I Will Survive!

Probability Level 3

$100$ people stand in a circle in an order $1$ to $100$ . The first person has a sword and he kills the next person on his right (the second person) and gives the sword to the following right person (third person). All person do the same until only $1$ person survives. Which number was that?

The answer is 73.

3 solutions

Prakhar Gupta
Jan 26, 2015

Consider $2$ people standing, and $No.1$ has sword. Of course he will be last survivor.

If $4$ people are standing then again the $No.1$ will be the last survivor. (You can observe it).

Hence it can be concluded that if $2^{n}$ people are standing in a circle then the person having the sword for the first time will the ultimate survivor.

Let's use this newly found technique to the given problem.

We see that we have $100$ people, if we kill $36$ of these people than we will be left with $64$ survivors. The person having the sword when $36$ people are killed will be the ultimate survivor.
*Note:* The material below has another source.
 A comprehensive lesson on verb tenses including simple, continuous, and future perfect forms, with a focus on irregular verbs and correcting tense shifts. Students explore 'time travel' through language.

It can be easily seen that $73^{rd}$ person will be the ultimate survivor.

WOW! +1

Generalization: If there $n$ people, then the lone survivor is the $\left [ 1 + 2(n - 2^{\lfloor \log_2 n \rfloor}) \right ]^\text{th}$ person

Pi Han Goh - 6 years, 3 months ago

That's incorrect! It'll always give the answer as 1 which is wrong. Re-check your formula.
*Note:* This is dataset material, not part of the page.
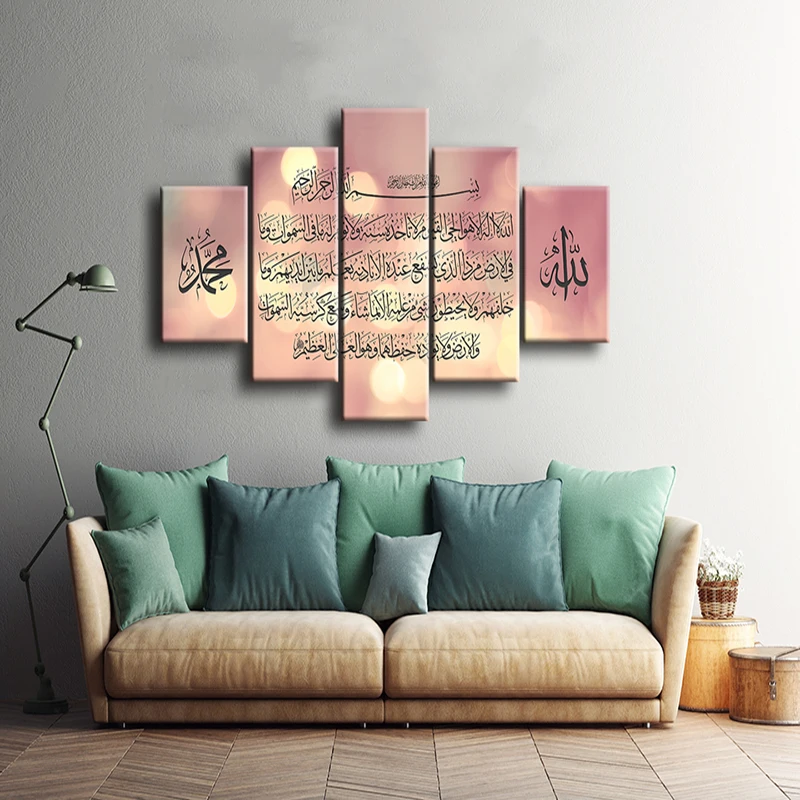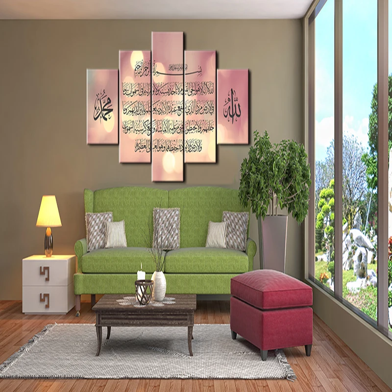 Мусульманская Библия, холст, живопись, настенное искусство, исламский Аллах The QurAn, постеры, 5 панелей, HD печать, гостиная, украшение для дома, картина

Nivesh Vyas - 5 years, 10 months ago

Man ..... its correct

I know where you made a mistake $\Rightarrow \left [ 1 + 2(n - 2^{\lfloor \log_2 n \rfloor}) \right ]^\text{th}$

Here we have to take highest integral function of ${\lfloor \log_2 n \rfloor}$

Akshat Sharda - 5 years, 10 months ago

Great.....thank you so much

Akshat Sharda - 5 years, 10 months ago

Does it work if it's not 2?

Norman Bintang - 6 years, 3 months ago

Woah cool! One wouldn't have thought of it this way! :P

Nivesh Vyas - 5 years, 10 months ago

Mahfuzur Rahaman
Sep 30, 2014

Let's solve this using pen and paper.

Firstly,

We have all the numbers (let, 101 is 1 in the circle):

1, 2, 3, 4, 5, 6, 7, . . . . . . . . . . . . 97, 98, 99, 100, 101

1 has the Sword, Common difference 1.

Secondly,

Cutting all the numbers of even positions (divisible by 2) we have:

1, 3, 5, 7, 9, 11, . . . . . . . . . . . . 95, 97, 99, 101

1 has the Sword, Common difference 2.

Thirdly,

Cutting all the numbers of even positions (if n-1 is divisible by 4 then they remain, others will be cut) we have:

1, 5, 9, 13, 17, . . . . . . . . . . . . . . . 93, 97, 101

1 has the Sword, Common difference 4.

Fourthly,

Cutting all the numbers of even positions (if n-1 is divisible by 8 then they remain, others will be cut) we have:

1, 9, 17, 25, 33, . . . . . . . . . . . . . . . 89, 97

Here, 101 is eliminated. So we do not have 1 anymore. Actually we have (let 105 is 9 in the circle):

9, 17, 25, 33, . . . . . . . . . . . . . . . 89, 97, 105

9 has the Sword, Common difference 8.

Fifthly, Cutting all the numbers of even positions we have:

9, 25, 41, 57, 73, 89, 105

9 has the Sword, Common difference 16.

Sixthly,

We have a small series now and we can easily see what will happen. Cutting even position numbers we get:

9, 41, 73, 105

9 has the Sword, Common difference 32.

Seventhly,

Cutting even position numbers we get:

9, 73

105 is no more. So we do not get 9 here. It has already been cut by 73.

Finally,

We got the number 73 that will survive :-)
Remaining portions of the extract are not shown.